HOW TO COMPLETE THIS TASK –
This exercise calls for the whole listing to be given again exactly, without images.

RAW DATA –
Content starts

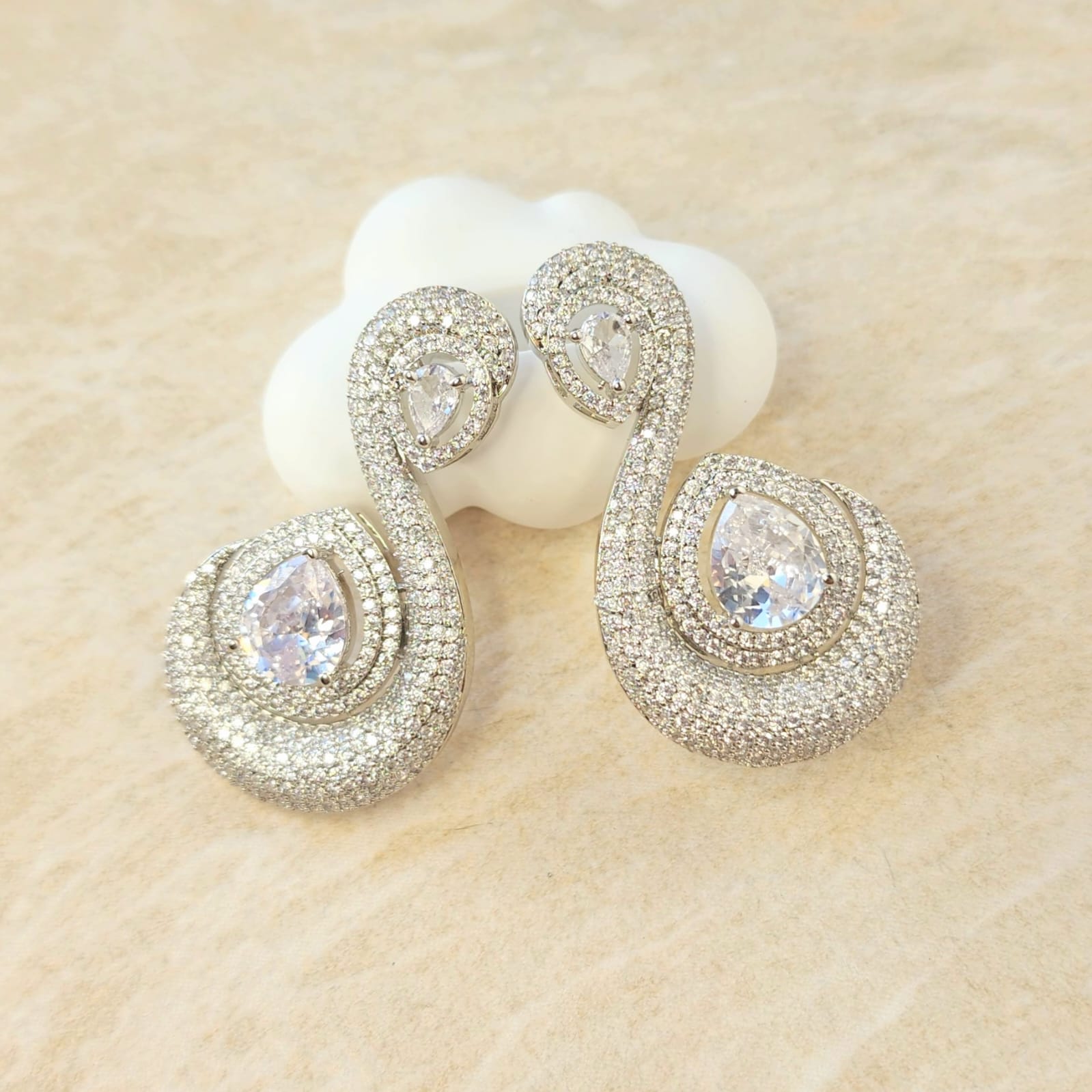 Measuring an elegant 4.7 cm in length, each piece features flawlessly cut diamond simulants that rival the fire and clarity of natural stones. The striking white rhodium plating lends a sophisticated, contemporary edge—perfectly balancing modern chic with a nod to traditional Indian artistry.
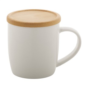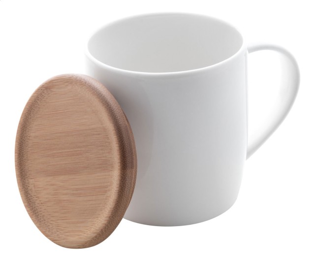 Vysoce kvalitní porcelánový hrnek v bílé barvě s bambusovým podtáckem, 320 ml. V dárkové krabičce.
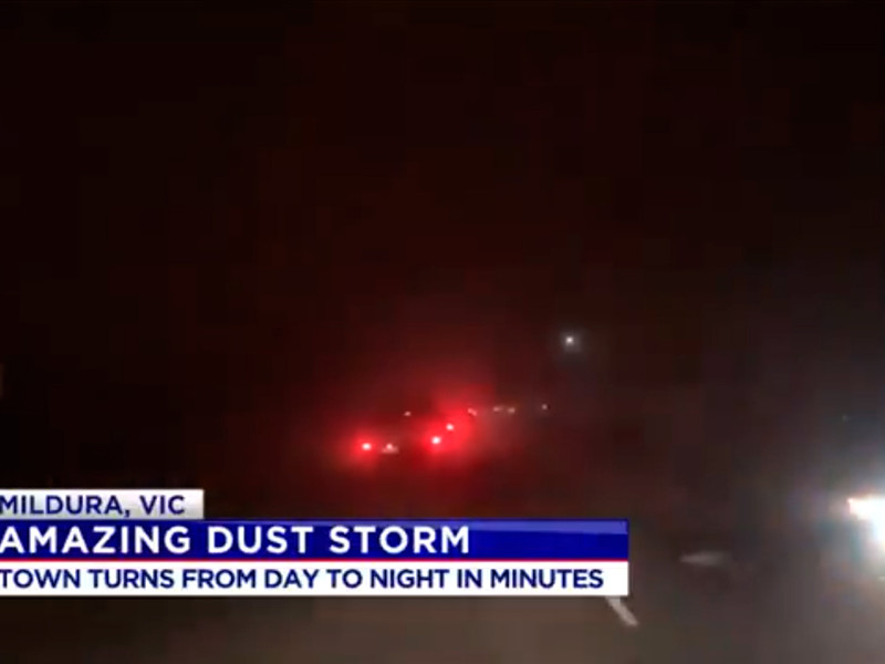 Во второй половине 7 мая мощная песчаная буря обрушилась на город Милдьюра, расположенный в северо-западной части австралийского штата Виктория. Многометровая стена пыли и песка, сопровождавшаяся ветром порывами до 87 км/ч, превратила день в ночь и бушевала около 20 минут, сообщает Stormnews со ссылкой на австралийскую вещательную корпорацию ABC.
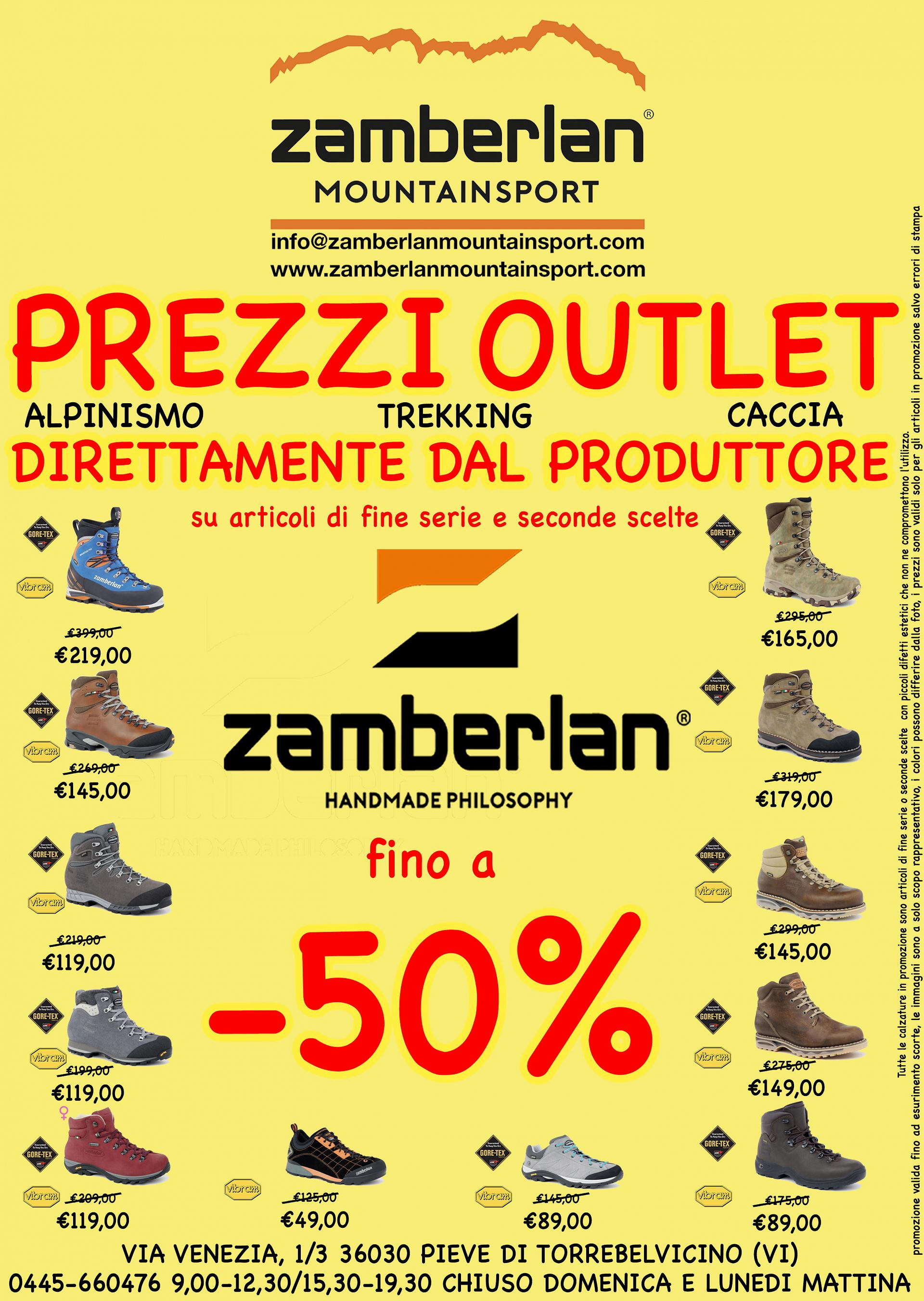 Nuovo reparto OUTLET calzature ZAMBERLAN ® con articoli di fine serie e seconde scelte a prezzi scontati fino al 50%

Content ends

SOLUTION –
 Measuring an elegant 4.7 cm in length, each piece features flawlessly cut diamond simulants that rival the fire and clarity of natural stones. The striking white rhodium plating lends a sophisticated, contemporary edge—perfectly balancing modern chic with a nod to traditional Indian artistry.
 Vysoce kvalitní porcelánový hrnek v bílé barvě s bambusovým podtáckem, 320 ml. V dárkové krabičce.
 Во второй половине 7 мая мощная песчаная буря обрушилась на город Милдьюра, расположенный в северо-западной части австралийского штата Виктория. Многометровая стена пыли и песка, сопровождавшаяся ветром порывами до 87 км/ч, превратила день в ночь и бушевала около 20 минут, сообщает Stormnews со ссылкой на австралийскую вещательную корпорацию ABC.
 Nuovo reparto OUTLET calzature ZAMBERLAN ® con articoli di fine serie e seconde scelte a prezzi scontati fino al 50%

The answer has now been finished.